**Exercise objective**
Copy every entry below verbatim, except for images.

**Collection entries**
========================================================================
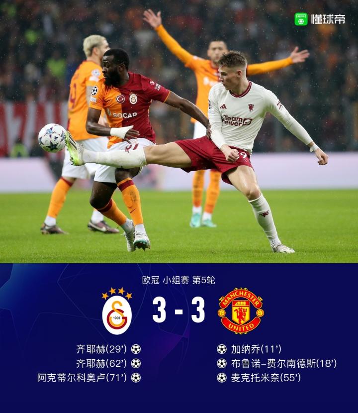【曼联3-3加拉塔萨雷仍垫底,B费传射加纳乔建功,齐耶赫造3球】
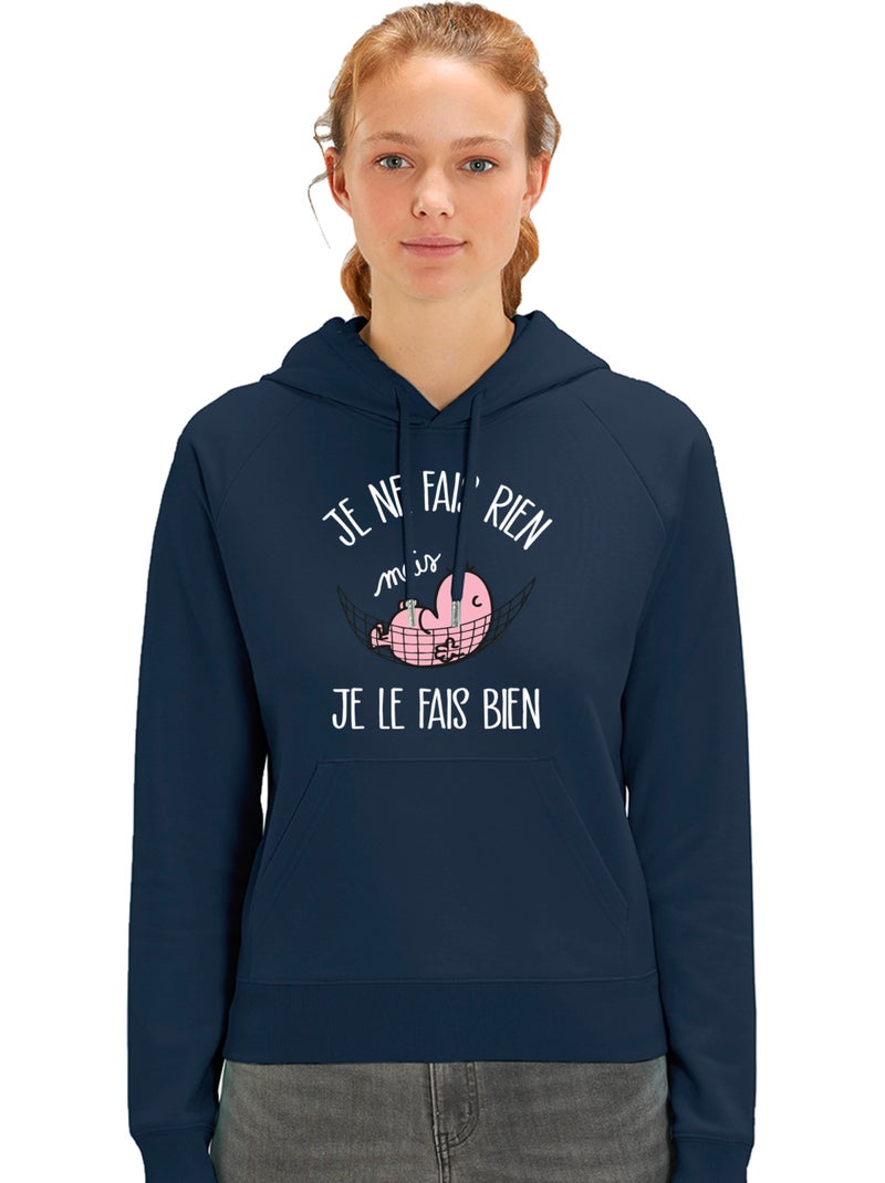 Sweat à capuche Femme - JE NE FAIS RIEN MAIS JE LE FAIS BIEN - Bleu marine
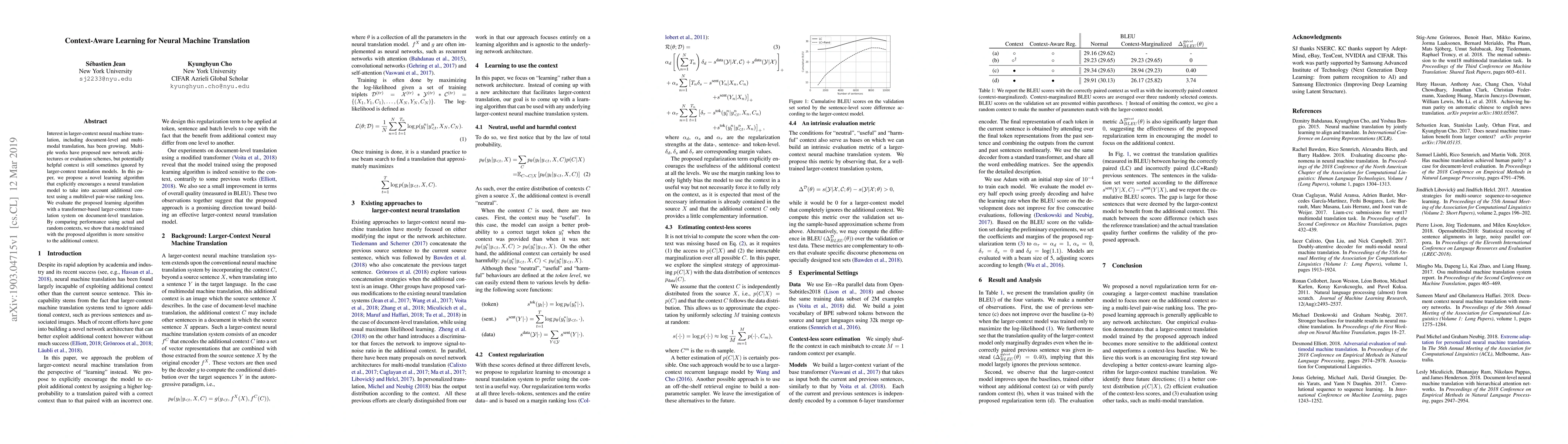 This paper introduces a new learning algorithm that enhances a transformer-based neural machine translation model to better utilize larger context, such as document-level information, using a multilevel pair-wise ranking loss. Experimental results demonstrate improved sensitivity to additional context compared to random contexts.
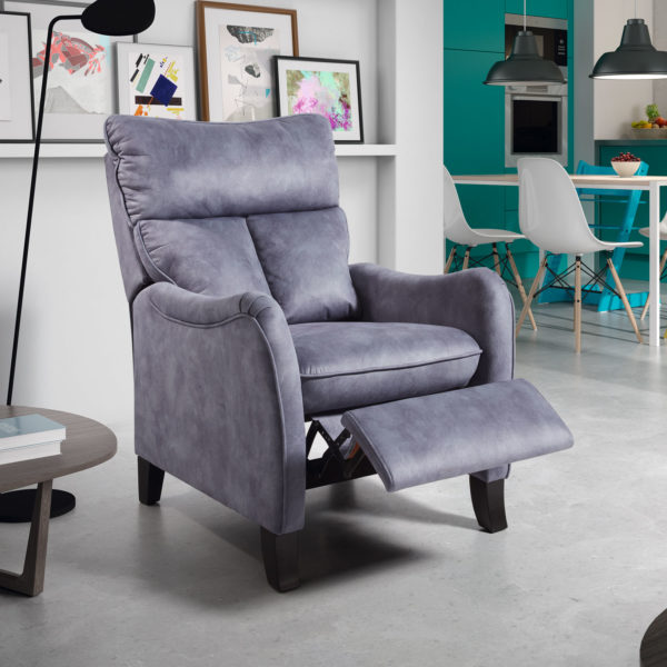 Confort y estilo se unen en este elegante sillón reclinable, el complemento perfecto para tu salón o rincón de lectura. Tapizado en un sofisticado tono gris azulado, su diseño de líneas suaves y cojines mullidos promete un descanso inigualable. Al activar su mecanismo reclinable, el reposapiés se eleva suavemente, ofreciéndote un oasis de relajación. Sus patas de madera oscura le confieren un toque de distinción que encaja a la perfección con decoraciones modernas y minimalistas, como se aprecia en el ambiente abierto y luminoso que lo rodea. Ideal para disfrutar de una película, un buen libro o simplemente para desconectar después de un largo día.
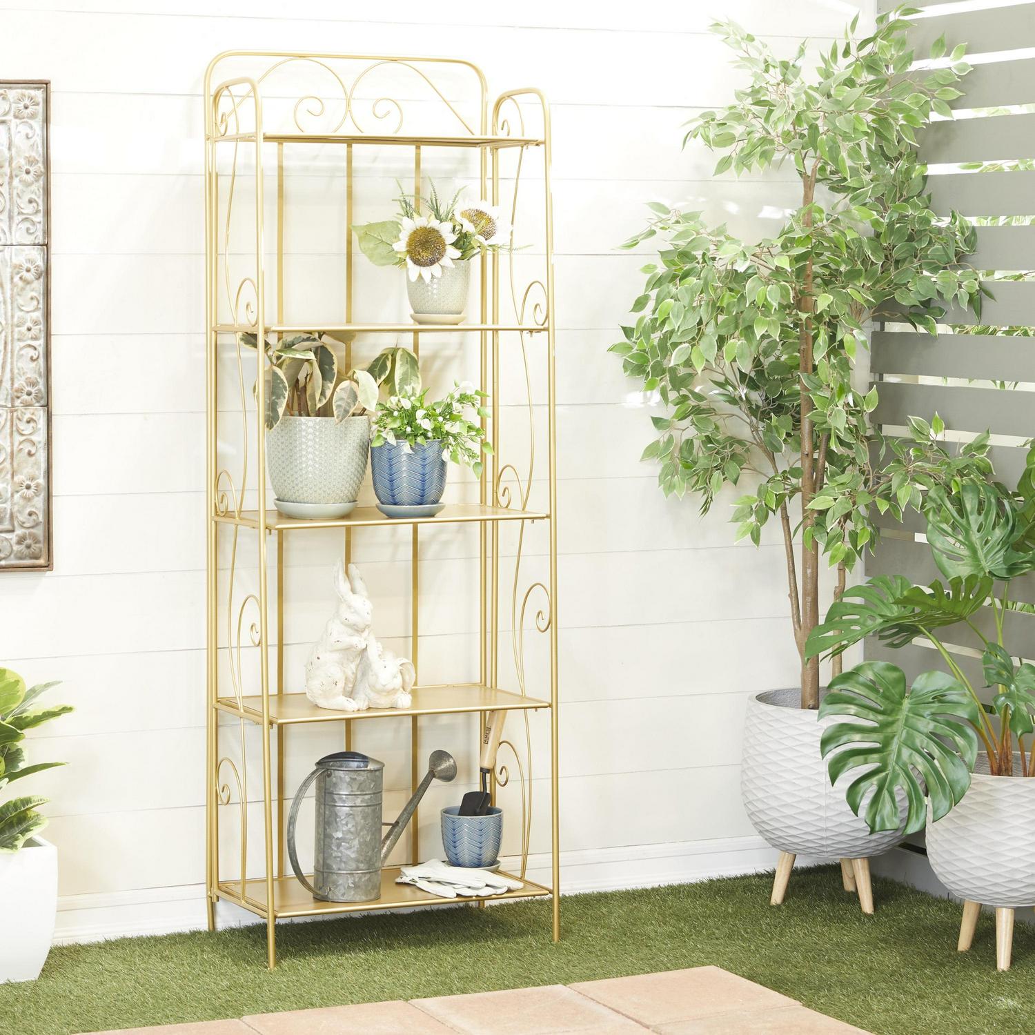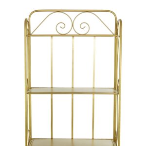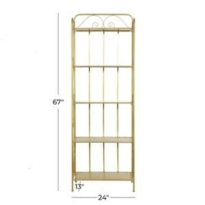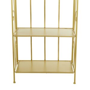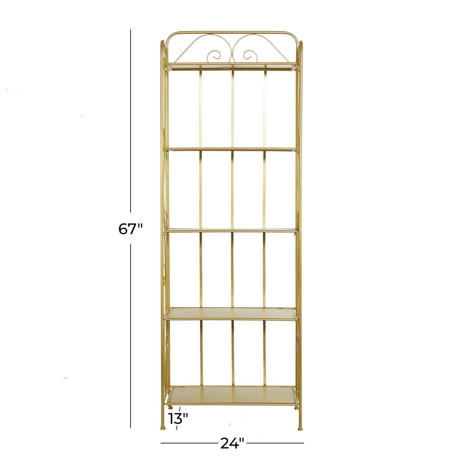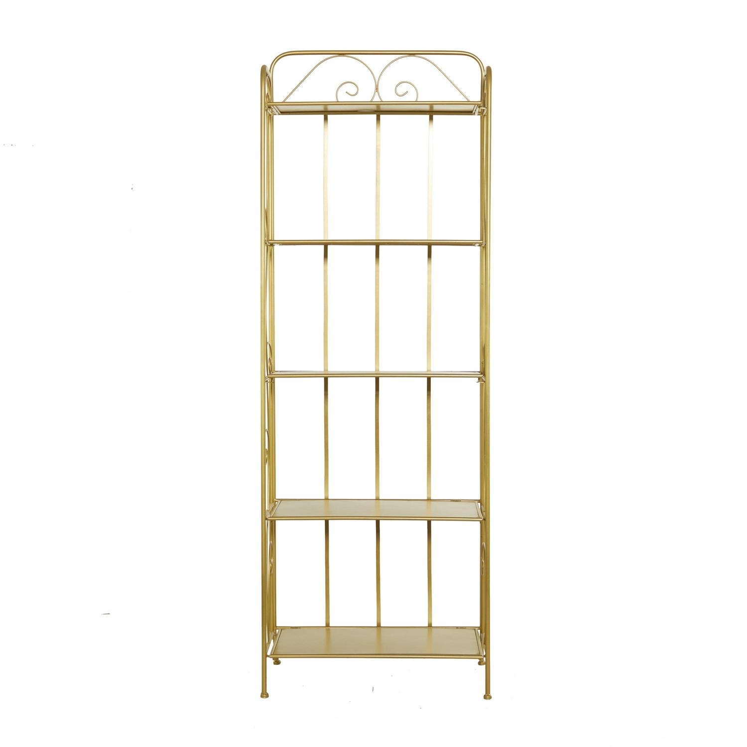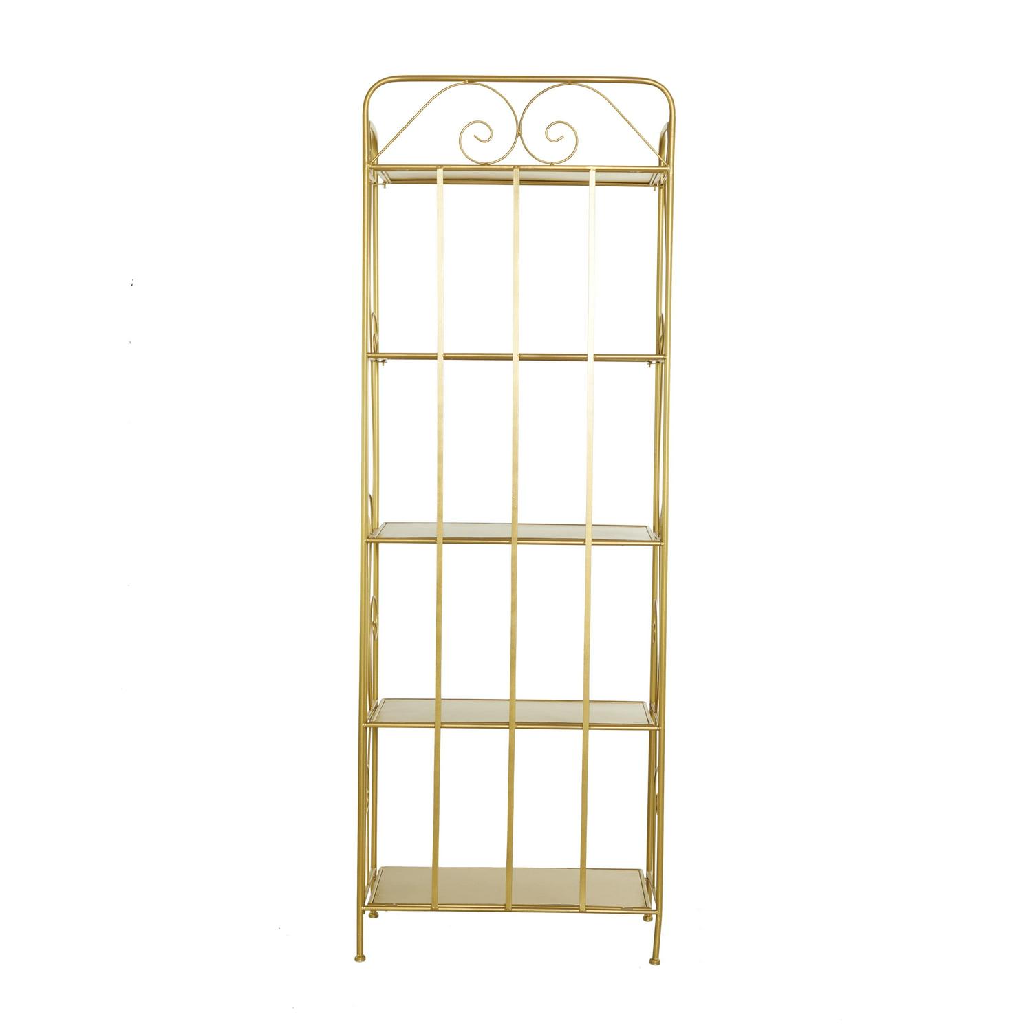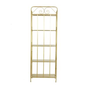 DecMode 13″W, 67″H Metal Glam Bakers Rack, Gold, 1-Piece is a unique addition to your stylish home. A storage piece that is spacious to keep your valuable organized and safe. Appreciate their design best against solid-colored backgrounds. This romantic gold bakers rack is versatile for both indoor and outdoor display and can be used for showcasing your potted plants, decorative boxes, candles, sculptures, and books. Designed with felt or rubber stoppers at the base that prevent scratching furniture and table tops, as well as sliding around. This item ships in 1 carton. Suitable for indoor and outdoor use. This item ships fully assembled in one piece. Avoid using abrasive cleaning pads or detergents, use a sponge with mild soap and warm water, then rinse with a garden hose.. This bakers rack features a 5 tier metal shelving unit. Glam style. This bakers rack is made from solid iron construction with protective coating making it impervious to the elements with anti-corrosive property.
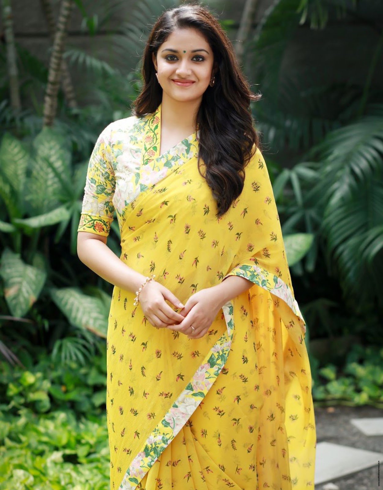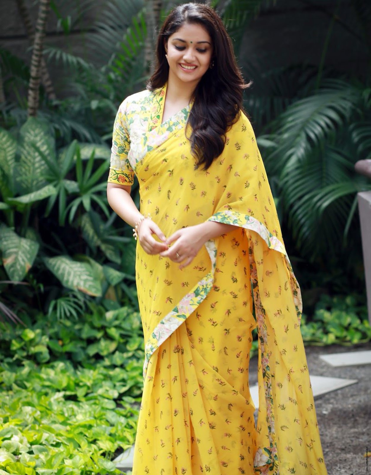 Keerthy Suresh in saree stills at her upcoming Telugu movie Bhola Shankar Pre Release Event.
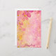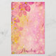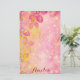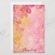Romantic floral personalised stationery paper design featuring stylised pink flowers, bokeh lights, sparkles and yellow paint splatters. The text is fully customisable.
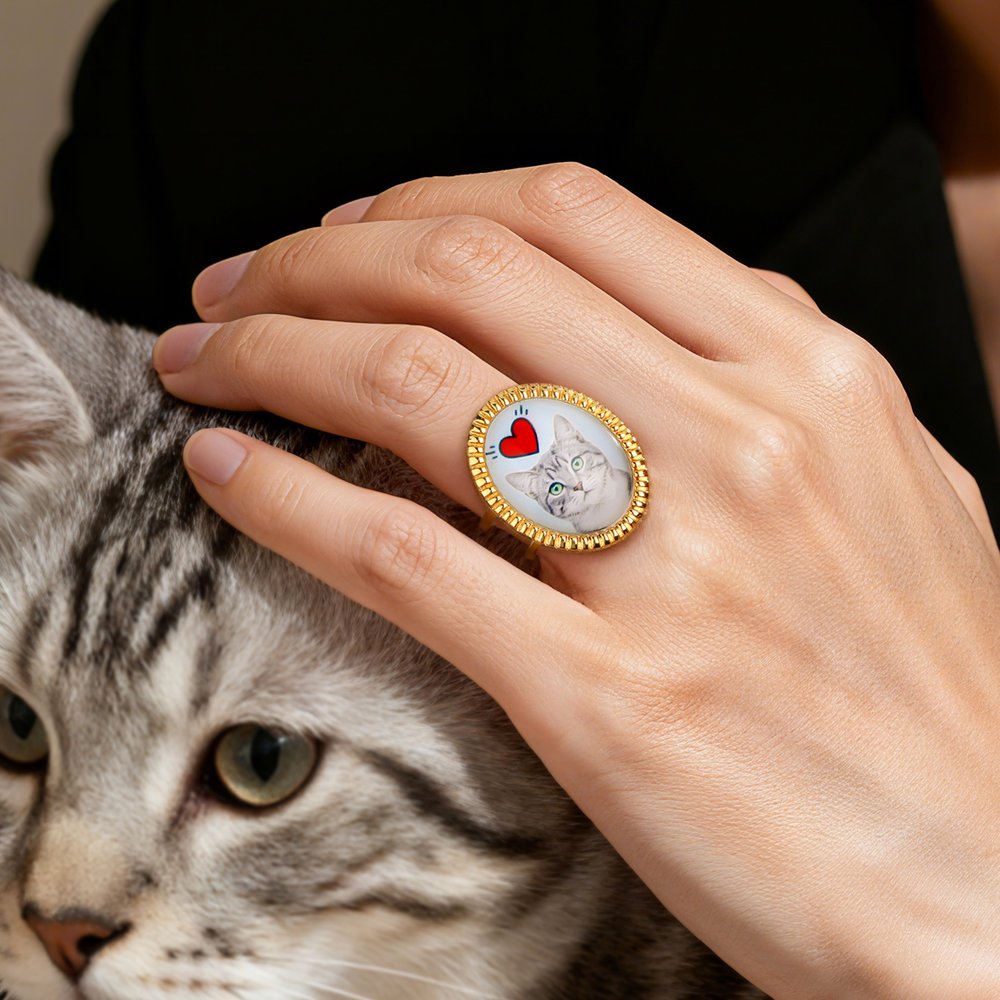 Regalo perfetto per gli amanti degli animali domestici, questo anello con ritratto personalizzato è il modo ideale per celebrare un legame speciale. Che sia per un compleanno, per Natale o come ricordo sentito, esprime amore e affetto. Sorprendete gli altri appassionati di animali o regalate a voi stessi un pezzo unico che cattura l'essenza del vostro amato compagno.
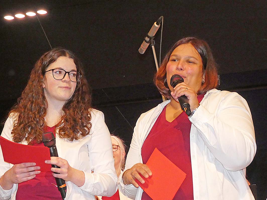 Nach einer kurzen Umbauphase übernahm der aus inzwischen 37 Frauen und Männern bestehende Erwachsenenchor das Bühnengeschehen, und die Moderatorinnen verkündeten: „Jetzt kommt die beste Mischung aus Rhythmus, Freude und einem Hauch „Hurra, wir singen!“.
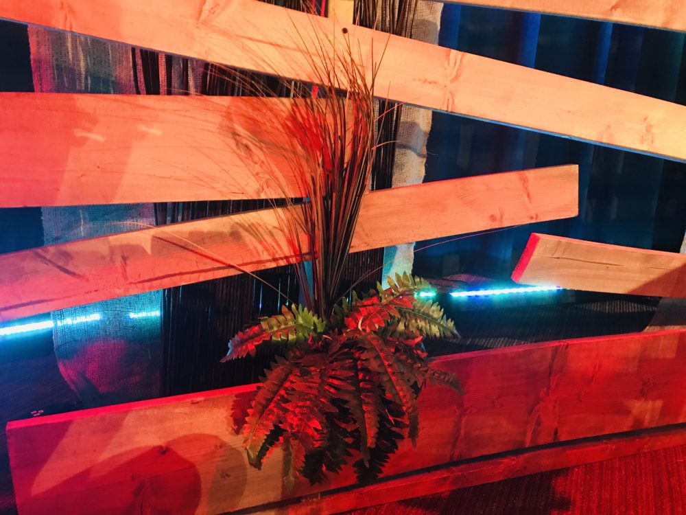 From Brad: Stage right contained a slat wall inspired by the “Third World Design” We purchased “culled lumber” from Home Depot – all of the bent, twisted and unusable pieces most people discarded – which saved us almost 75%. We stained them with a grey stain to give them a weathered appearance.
========================================================================
**Result of this task**
【曼联3-3加拉塔萨雷仍垫底,B费传射加纳乔建功,齐耶赫造3球】
 Sweat à capuche Femme - JE NE FAIS RIEN MAIS JE LE FAIS BIEN - Bleu marine
 This paper introduces a new learning algorithm that enhances a transformer-based neural machine translation model to better utilize larger context, such as document-level information, using a multilevel pair-wise ranking loss. Experimental results demonstrate improved sensitivity to additional context compared to random contexts.
 Confort y estilo se unen en este elegante sillón reclinable, el complemento perfecto para tu salón o rincón de lectura. Tapizado en un sofisticado tono gris azulado, su diseño de líneas suaves y cojines mullidos promete un descanso inigualable. Al activar su mecanismo reclinable, el reposapiés se eleva suavemente, ofreciéndote un oasis de relajación. Sus patas de madera oscura le confieren un toque de distinción que encaja a la perfección con decoraciones modernas y minimalistas, como se aprecia en el ambiente abierto y luminoso que lo rodea. Ideal para disfrutar de una película, un buen libro o simplemente para desconectar después de un largo día.
 DecMode 13″W, 67″H Metal Glam Bakers Rack, Gold, 1-Piece is a unique addition to your stylish home. A storage piece that is spacious to keep your valuable organized and safe. Appreciate their design best against solid-colored backgrounds. This romantic gold bakers rack is versatile for both indoor and outdoor display and can be used for showcasing your potted plants, decorative boxes, candles, sculptures, and books. Designed with felt or rubber stoppers at the base that prevent scratching furniture and table tops, as well as sliding around. This item ships in 1 carton. Suitable for indoor and outdoor use. This item ships fully assembled in one piece. Avoid using abrasive cleaning pads or detergents, use a sponge with mild soap and warm water, then rinse with a garden hose.. This bakers rack features a 5 tier metal shelving unit. Glam style. This bakers rack is made from solid iron construction with protective coating making it impervious to the elements with anti-corrosive property.
 Keerthy Suresh in saree stills at her upcoming Telugu movie Bhola Shankar Pre Release Event.
Romantic floral personalised stationery paper design featuring stylised pink flowers, bokeh lights, sparkles and yellow paint splatters. The text is fully customisable.
 Regalo perfetto per gli amanti degli animali domestici, questo anello con ritratto personalizzato è il modo ideale per celebrare un legame speciale. Che sia per un compleanno, per Natale o come ricordo sentito, esprime amore e affetto. Sorprendete gli altri appassionati di animali o regalate a voi stessi un pezzo unico che cattura l'essenza del vostro amato compagno.
 Nach einer kurzen Umbauphase übernahm der aus inzwischen 37 Frauen und Männern bestehende Erwachsenenchor das Bühnengeschehen, und die Moderatorinnen verkündeten: „Jetzt kommt die beste Mischung aus Rhythmus, Freude und einem Hauch „Hurra, wir singen!“.
 From Brad: Stage right contained a slat wall inspired by the “Third World Design” We purchased “culled lumber” from Home Depot – all of the bent, twisted and unusable pieces most people discarded – which saved us almost 75%. We stained them with a grey stain to give them a weathered appearance.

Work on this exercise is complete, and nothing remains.